Soudan du Sud : l’ONU alerte sur un pays à la croisée des chemins
Devant le Conseil de sécurité, la cheffe de la Mission des Nations Unies au Soudan du Sud (MINUSS), Anita Kiki Gbeho, a appelé les dirigeants sud-soudanais à mettre fin aux hostilités et à engager un dialogue politique inclusif. Selon elle, le pays, bien que confronté à des défis majeurs, a une réelle opportunité de changer de cap.
Une transition sous tension
Le climat politique est actuellement dominé par les préparatifs des élections prévues en décembre 2026. Cependant, des inquiétudes persistent quant à la capacité de réunir dans les délais les conditions nécessaires pour des élections « crédibles, pacifiques et inclusives ». La confiance entre les acteurs politiques reste fragile, exacerbée par l’absence de figures majeures de l’opposition dans les processus décisionnels et les difficultés liées à la mise en œuvre de l’accord de paix revitalisé. De plus, le procès du premier vice-président, Riek Machar, se prolonge depuis près d’un an, avec plus de cent jours d’audience, alors qu’il est toujours en détention.
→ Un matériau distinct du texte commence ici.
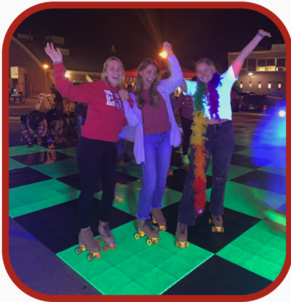
ESU Pride Rally

Students in our event planning courses have been exposed to necessary event planning skills such as: designing the meeting experience, strategic planning, site, and venue selection, negotiating contracts, budgeting, and marketing the meeting. Students have also helped plan departmental and campus-wide events as well as completed professional events and meeting planning internships in resort and convention centers.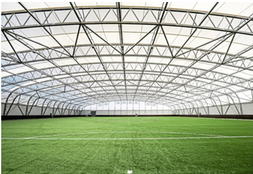
Figure 6. Regional Performance Centre, Dundee (Credit: Dundee City Council)

Project description: The Caird Park project was originally supported by the Low Carbon Infrastructure Transition Programme. A pre-feasibility study to expand the network was published in January 2022 as part of an initiative to boost heat networks by the Scottish Cities Alliance. This study analysed opportunities to expand the existing network towards additional heating loads (a school, a college, a sports centre and a gymnastics centre). The project aims to assess the viability of these additional connections.

Les combats se poursuivent
La situation sécuritaire continue de se détériorer. Des affrontements opposent les Forces de défense du peuple du Soudan du Sud (SSPDF) à l’Armée populaire de libération du Soudan dans l’opposition (SPLA-IO), notamment dans l’État de Jonglei et d’autres régions comme le Haut-Nil et l’Unité. Les violences intercommunautaires persistent également, causant des déplacements forcés et des pertes en vies humaines.
Des violations répétées du cessez-le-feu
La mise en œuvre de l’accord de paix est gravement compromise par l’impasse politique et sécuritaire. Le général à la retraite George Aggrey Owinow, président par intérim de la Commission conjointe de suivi et d’évaluation reconstituée (RJMEC), a noté que le cessez-le-feu permanent est régulièrement violé et que les réformes du secteur de la sécurité stagnent. Il a appelé à un désamorçage des tensions et à une visite de solidarité à Djouba pour encourager un dénouement pacifique de la transition.
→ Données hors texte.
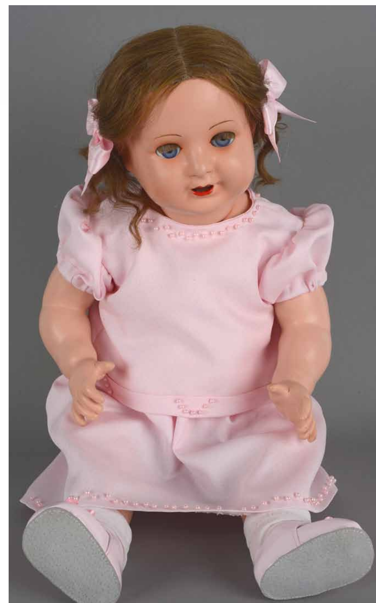
Fig. 2 Doll Tiiu after conservation that had been commissioned by its private owner.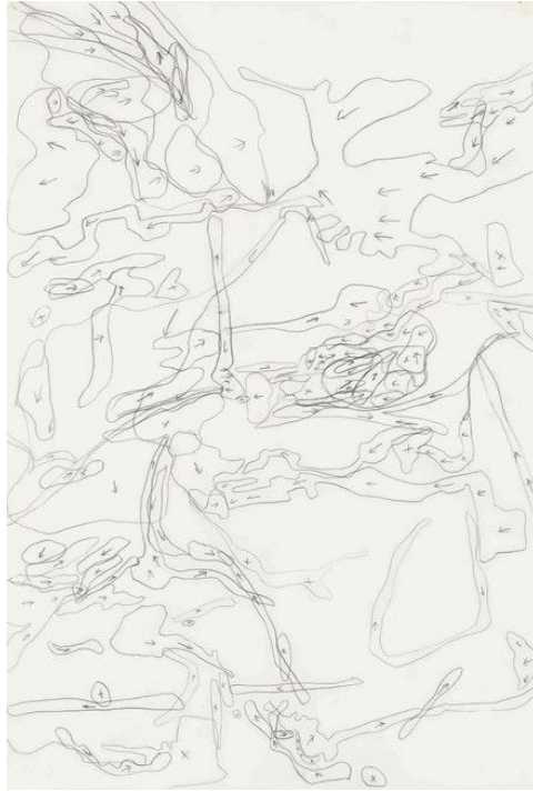
Julie Mehretu, Migration Direction Map (large), 1996. Ink on mylar, 22 x 15 inches. Private collection.

Mehretu: As the marks evolved and behaved differently, I began to think of them as social agents. And then as they appeared more and more like maps and clustering in different social gatherings, different directions, I started to take pieces of mylar and put it over those drawings, tracing over those different clusters. There tends to be certain kinds of formal structures that emerge similarly in the early paintings, whether they're clustered around a vortex, whether it becomes an entropic system, or as I saw somebody put in the chat "the Cloud of Unknowing", it all evolves and gets honed by intuition that responds to different space differently. I really think of intuition as an ontological congregation of of resistance, of the ancestral and the embodied. I remember thinking of those early drawings and the paintings as psychic spaces of knowing, as they embodied experiences of time, past and present, and spaces of ancestry and culture, and so one, all of which seem to co-exist simultaneously. I'd now describe what I was doing at the time as maps of the subconscious.

Une crise humanitaire qui s’aggrave
Les conséquences humanitaires de cette insécurité sont alarmantes. Entre janvier et juin, plus de 420.000 personnes ont été déplacées, principalement dans l’État de Jonglei. Actuellement, 7,1 millions de personnes souffrent d’insécurité alimentaire, tandis que 1,4 million d’autres ont fui la guerre au Soudan voisin. Les épidémies, notamment de choléra, et le risque de propagation d’Ebola aggravent la situation, rendant l’accès humanitaire de plus en plus difficile.
Des progrès, mais des obstacles majeurs
Malgré ce contexte difficile, quelques avancées ont été réalisées. Le gouvernement a annoncé son engagement à ne pas reprendre les hostilités, une me jugée importante par la MINUSS. Cependant, Anita Kiki Gbeho a insisté sur le fait que ces progrès demeurent insuffisants tant que les engagements de l’accord de paix ne sont pas pleinement respectés.
Un appel à protéger les femmes
La présidente du South Sudan Women’s Empowerment Network, Lilian Riziq, a également appelé à une protection renforcée des femmes et des filles, qui subissent de plein fouet l’insécurité physique et l’exclusion politique. Elle a souligné l’augmentation significative des violences sexuelles liées au conflit, demandant une participation équitable des femmes dans les processus politiques.
En conclusion, Anita Kiki Gbeho a exhorté le Conseil de sécurité à mettre fin aux combats, protéger les civils, relancer un dialogue politique inclusif et évaluer les conditions nécessaires pour la tenue d’élections crédibles. Seule une action politique concertée pourrait transformer cette période de transition en une véritable opportunité de paix.